* Source information
--- START ---
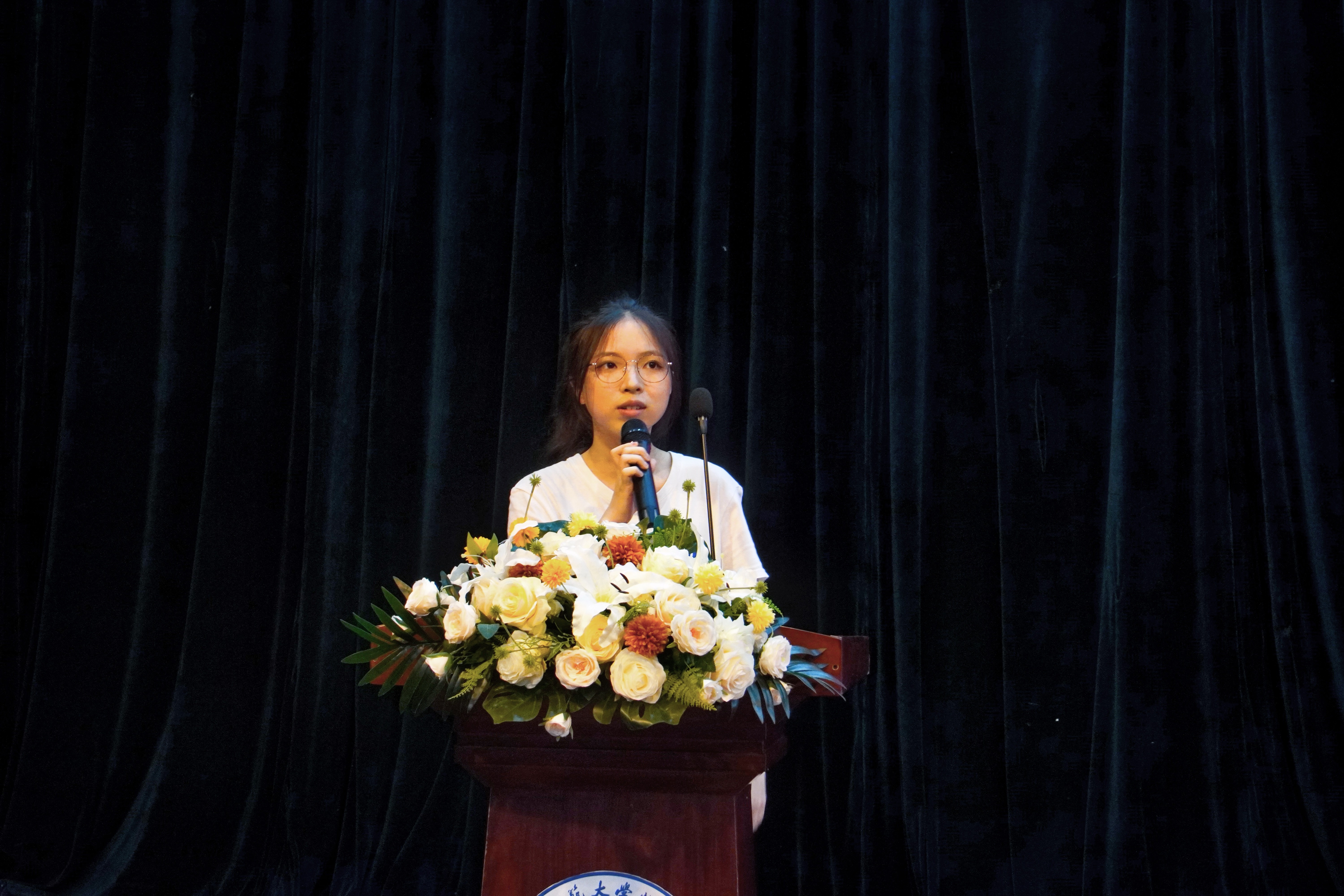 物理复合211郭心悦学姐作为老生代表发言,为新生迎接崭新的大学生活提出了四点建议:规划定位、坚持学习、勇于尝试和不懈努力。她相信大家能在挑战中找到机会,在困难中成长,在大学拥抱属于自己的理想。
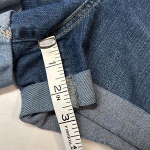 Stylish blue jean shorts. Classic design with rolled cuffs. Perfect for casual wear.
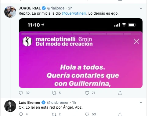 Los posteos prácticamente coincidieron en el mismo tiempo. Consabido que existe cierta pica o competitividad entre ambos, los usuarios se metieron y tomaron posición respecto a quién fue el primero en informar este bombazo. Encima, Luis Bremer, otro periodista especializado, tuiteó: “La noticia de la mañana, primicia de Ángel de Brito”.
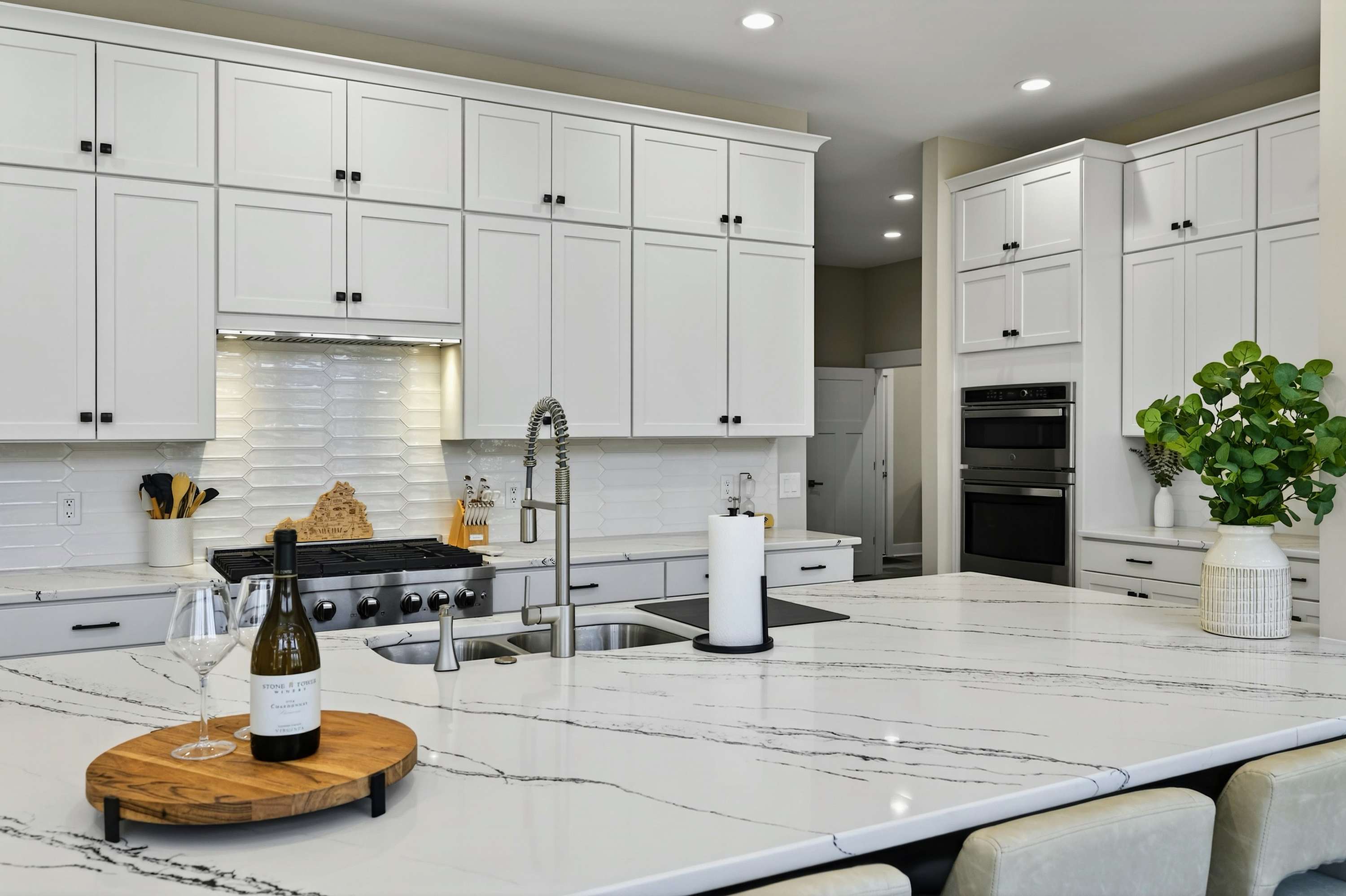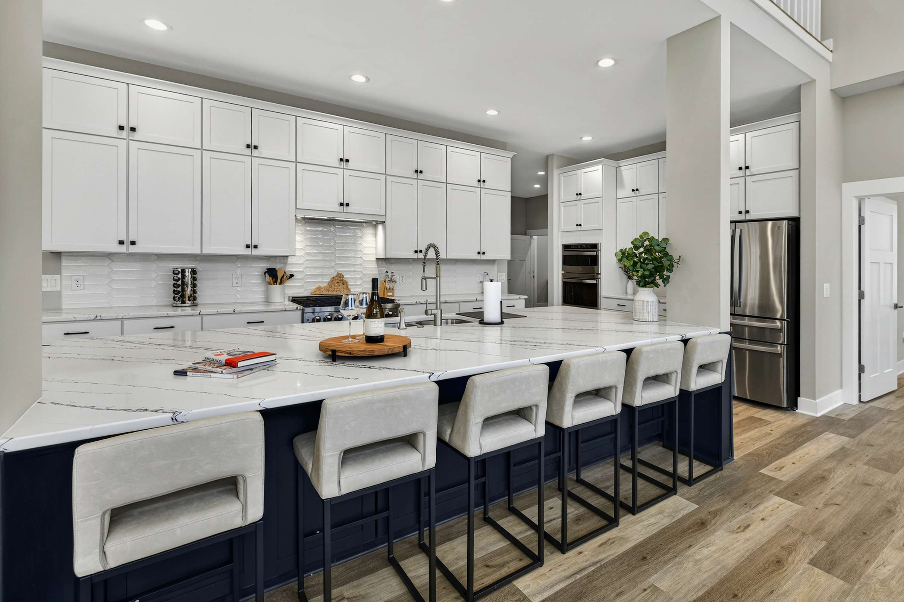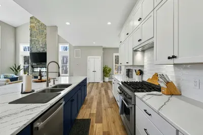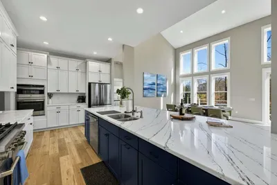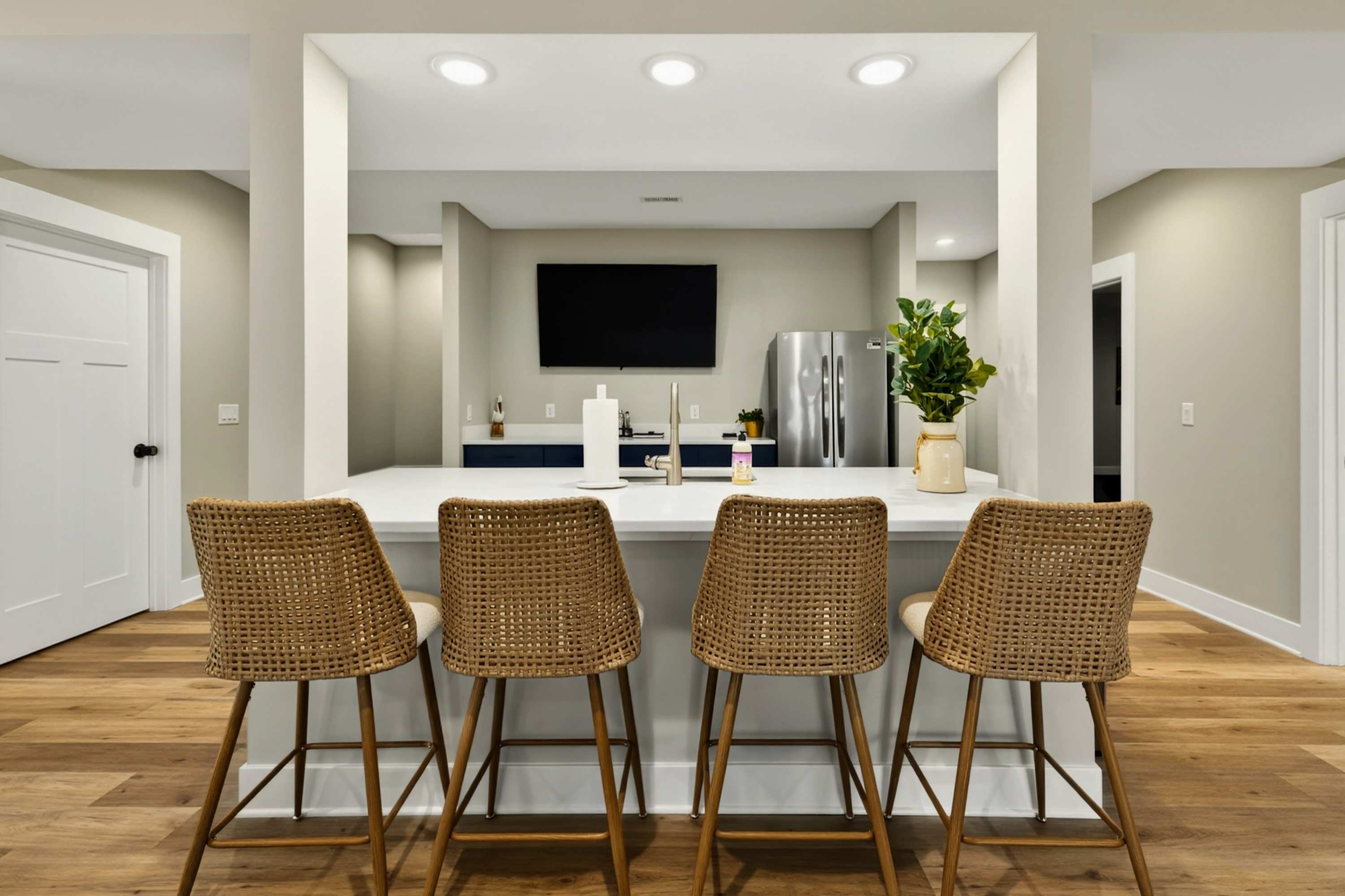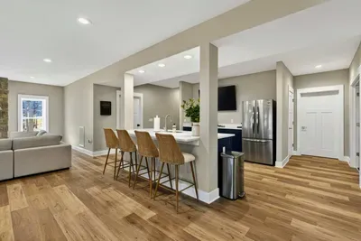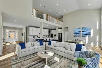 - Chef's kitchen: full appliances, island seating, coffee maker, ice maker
--- END ---
--- START ---
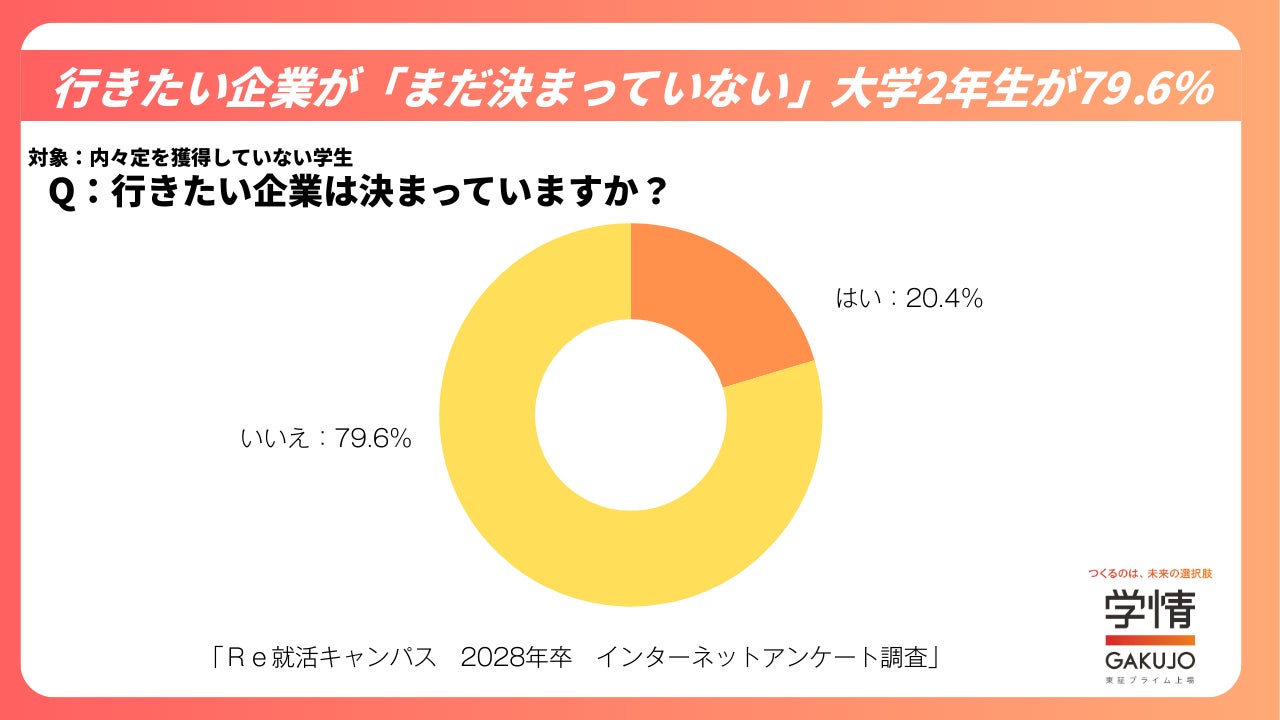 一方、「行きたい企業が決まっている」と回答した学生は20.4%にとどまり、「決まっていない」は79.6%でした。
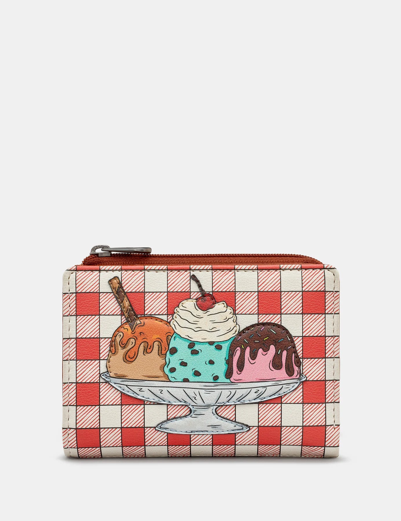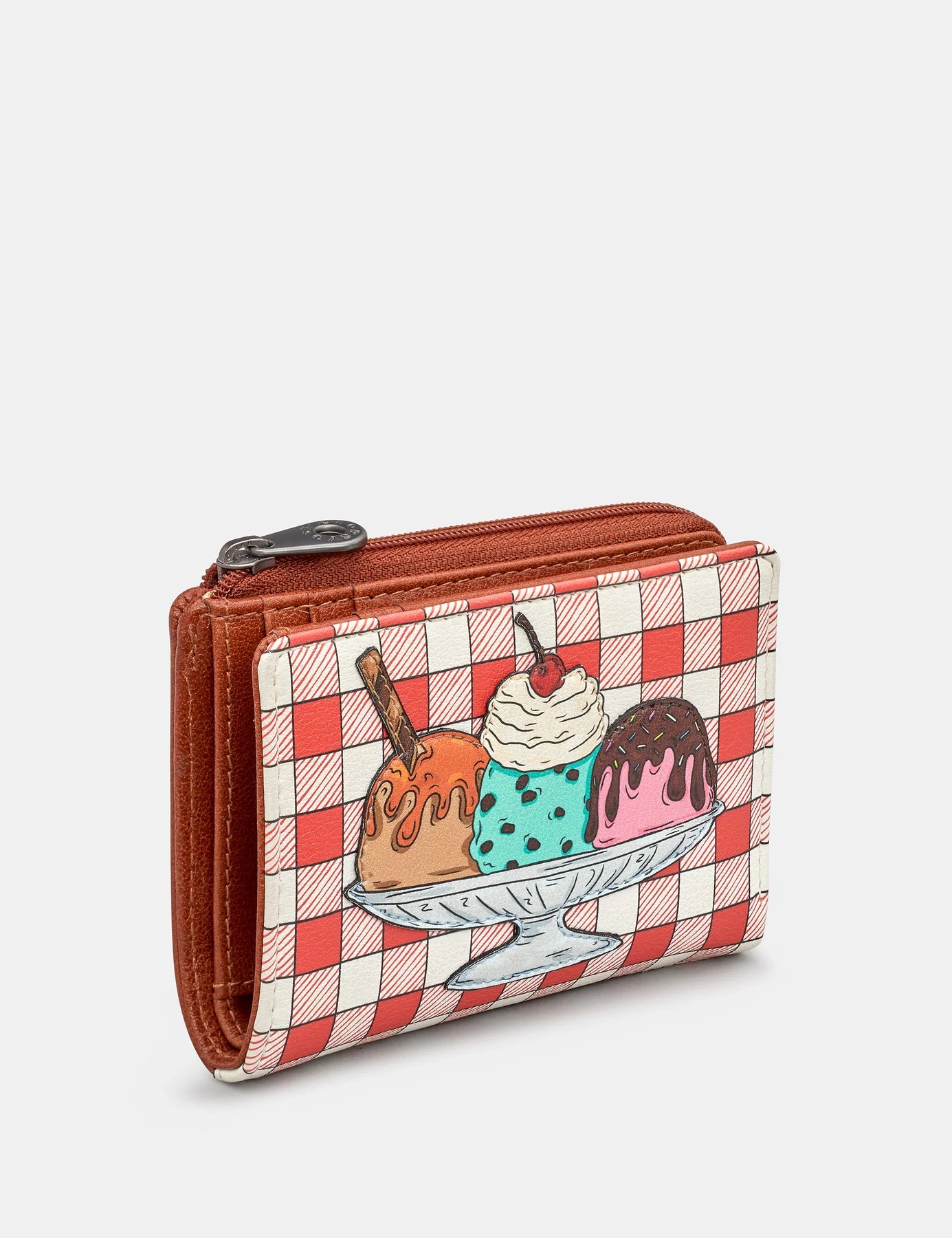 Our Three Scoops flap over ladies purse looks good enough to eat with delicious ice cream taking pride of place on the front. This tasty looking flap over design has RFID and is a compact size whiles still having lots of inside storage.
--- END ---
* Exercise requirements
Look above for the line with "物理复合211郭心悦学姐作为"; quote it and every line after it, stopping after the line with "- Chef's kitchen: full", exactly, with nothing added and without pictures.

* Solution to this problem
 物理复合211郭心悦学姐作为老生代表发言,为新生迎接崭新的大学生活提出了四点建议:规划定位、坚持学习、勇于尝试和不懈努力。她相信大家能在挑战中找到机会,在困难中成长,在大学拥抱属于自己的理想。
 Stylish blue jean shorts. Classic design with rolled cuffs. Perfect for casual wear.
 Los posteos prácticamente coincidieron en el mismo tiempo. Consabido que existe cierta pica o competitividad entre ambos, los usuarios se metieron y tomaron posición respecto a quién fue el primero en informar este bombazo. Encima, Luis Bremer, otro periodista especializado, tuiteó: “La noticia de la mañana, primicia de Ángel de Brito”.
 - Chef's kitchen: full appliances, island seating, coffee maker, ice maker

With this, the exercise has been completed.